Are you making these mistakes when cooking eggs?

Eggs are a food with a great nutritional value, versatile and delicious, perfect to include in healthy diets and weight loss. It can be used for many recipes and in different elaborations but when it comes to cooking them, we are not always clear on how to do it so that it can be peeled perfectly without the egg white sticking to the shell or the yolk is not too hard or greenish. Take note of the usual mistakes we make when cooking eggs so that this never happens again.

How should a perfect cooked egg be?

Although it seems simple, cooking an egg is not as easy as it seems. You have to control the temperature and time and get an egg that can be easily peeled in which the white is not sticking to the shell, and that the white is compact and juicy without acquiring that greenish color that can be seen in some cooked eggs.

Video:Foods to avoid in a healthy breakfast pixabay

Tips for cooking the perfect egg

There is a discrepancy in deciding whether it is better to put the eggs to be cooked directly in cold water before it breaks to boil or in boiling water. As well, This will depend on two factors, if the egg is cold and the cooking time we want to give.

The recommended is that the egg is fresh and that it is at room temperature before boiling it, since the thermal shock probably breaks the shell and you find those typical pieces of clear frayed floating through your container. If you are going to cook the egg for more than 7 minutes you can put it directly in cold water to boil because this will not influence its final texture as it would in less time cooking, yes, surely the yolk is off-center.

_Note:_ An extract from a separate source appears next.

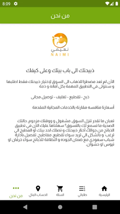 An application that serves the customer by providing all the carcasses in the refrigerator, rest, banquets, large events, and delivery service to the place requested by the customer, with clean and equipped cars, we have slaughtering, cutting, packaging and delivery according to the customer's desire

If you store the eggs in the fridge, remove them before cooking them so they are tempered, depending on the type of cooking you choose, you can put them directly in cold water or in boiling water. If you put them in boiling water the change in temperature can cause that break that we were talking about so the ideal is to introduce them carefully and to turn them taking advantage of the centrifugal force to center the clear in the case of cooking of few minutes.

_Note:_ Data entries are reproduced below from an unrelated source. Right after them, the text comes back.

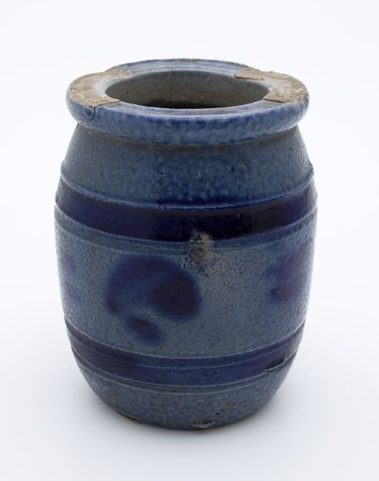 Kleine steengoed mosterdpot met blauwe banden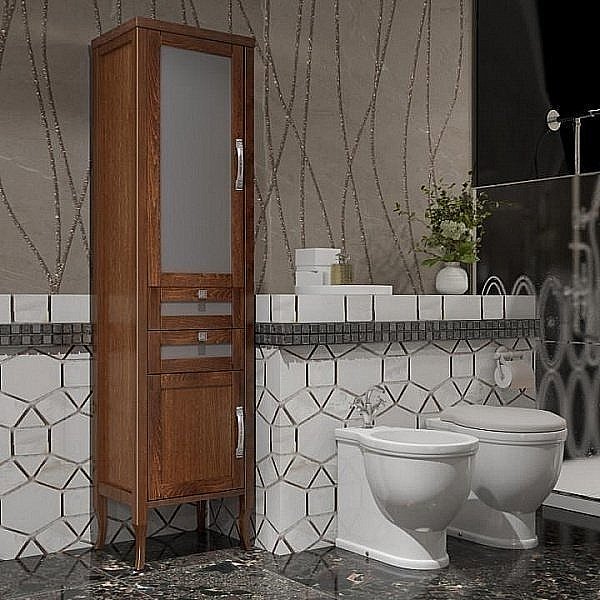 Модельный ряд коллекции МИРАЖ выполнен в двух вариантах — 100 см и 120 см, а также снабжен оригинальными дополнительными решениями для хранения: напольные комод, одностворчатый и двустворчатый пеналы, зеркала   с дополнительными навесными шкафами.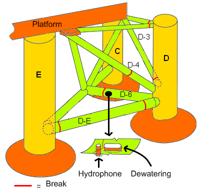 - Fatigue crack growth in brace D6 initiating from pre-existing cracks in the fillet welds between a hydrophone support and the brace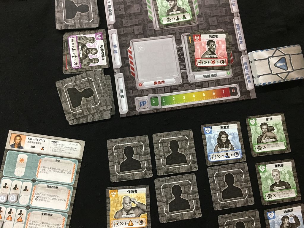 すべて個別に名前とイラストの付いた大量の《人物カード》を伏せて並べ、《調査》によって次々に身元を明らかにしていき、健康な人物だったら保護し、感染者だったら隔離するか《空爆》!!によって処分していきます。(いや、本当に空爆攻撃です。英文ルール調べても本当に《Air Strike》って書いてあります。

A trick to avoid that eggs not too fresh or the temperature changes end up causing breaks in the shell, is to put in the water an acid such as a splash of vinegar or lemon juice. What these substances do is agglutinate or coagulate the egg proteins so in case of breakage the shell will be sealed with your help.

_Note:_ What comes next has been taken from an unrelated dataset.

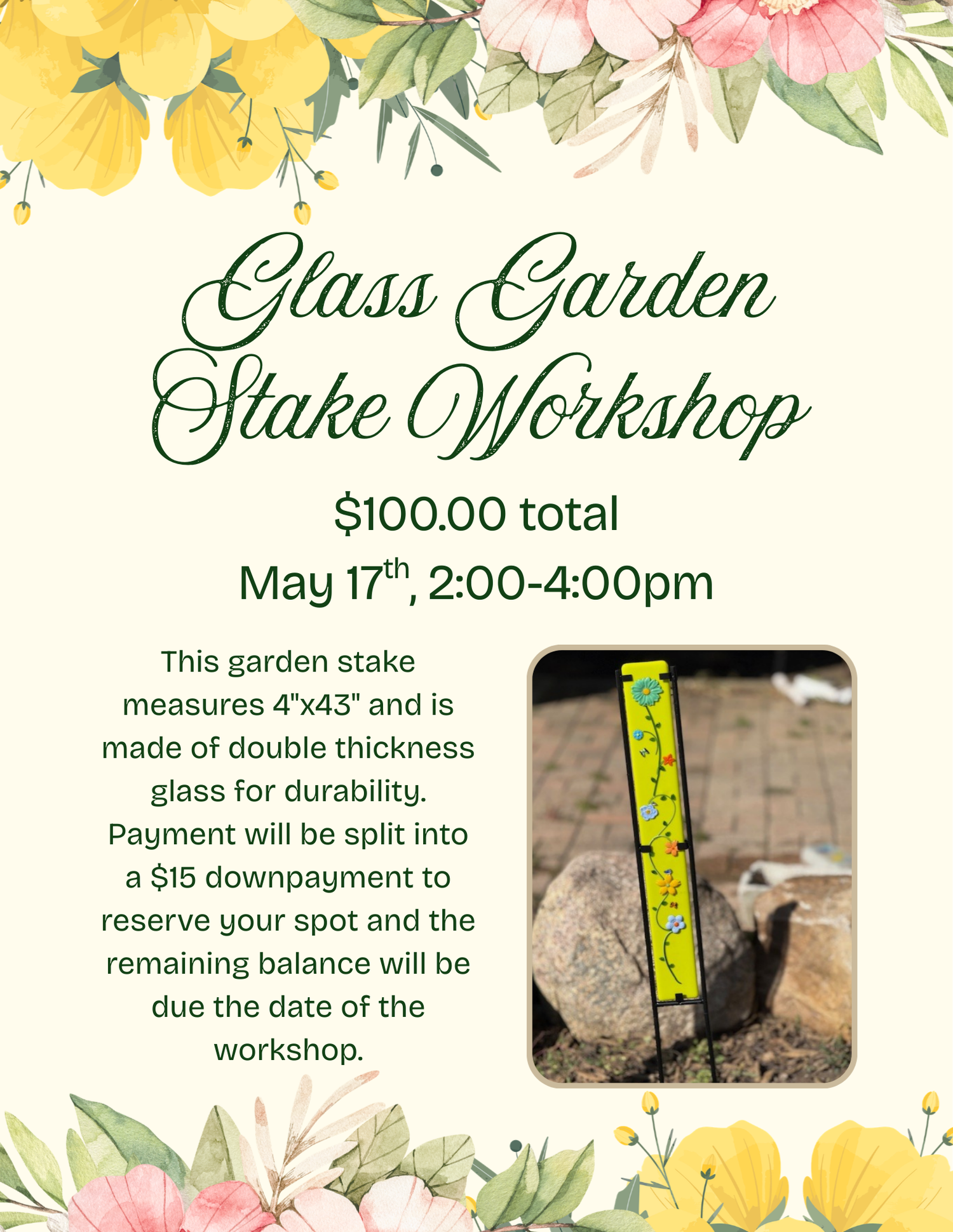 We will be partnering with Barb Dalenberg for this wonderful workshop! This glass garden stake measuring 4"x43" is made of double thickness glass for durability and will make a great statement in your yard or flower garden! Each stake will be a custom design of your own choosing, and the color of the glass will vary depending on availability.

Baking eggs at a very high temperature makes the clear present a gummy texture so the ideal is to cook them at a medium temperature and of course completely covered with water so that they are done in a homogeneous way.

Remember that the eggshell is porous so the best option is, if you store the eggs in the fridge, keep them covered so that they do not take odors from other foods that later affect their taste. For this characteristic of the shell, if you add salt to the cooking water it will add a salty touch. Depending on the cooking time you will get a texture or another, it all depends on your preferences or the preparation you have in your hands.

Types of cooking

There are cooking for all tastes, for example with 2 or 3 minutes of cooking you will get the so-called coke egg that would have a semi-liquid consistency. With a little more cooking, 3 to 4 minutes, you will get the delicious poached or poached egg that is cooked without a shell wrapped in filmSurely you've seen it more than once and more than two on TV or even ventured to prepare them at some point. If you want a traditional egg passed through water, you only have to cook the egg for 4 or 5 minutes, this preparation presents the liquid yolk and the solid white, it is a delight that is eaten with a spoon.

The eggs called Mollet must be peeled very carefully because the white is cooked but the semi-liquid yolk and are very delicate to handle. Cooked eggs for life are recommended to boil them for 8 to 10 minutes, no more because the yolk becomes very compact and gray-greenish in addition to the texture of the white is altered. Why does this happen? Because excessive cooking causes the proteins to be compacted by letting the water escape, in addition the clear releases hydrogen sulfide resulting in an unpleasant smell to the egg.

How to peel an egg without breaking it

Once we have our cooked egg after 8 or 10 minutes, put it in cold water so that the thermal shock separates the egg white from the yolk, you can already gently hit the egg and start peeling it. One trick we learned from chef Gordon Ramsey is that once the egg is beaten to start peeling if you submerge it in cold water or pass it under the tap so that the water penetrates through the cracks you will be able to peel more easily. We have tried it and it really works.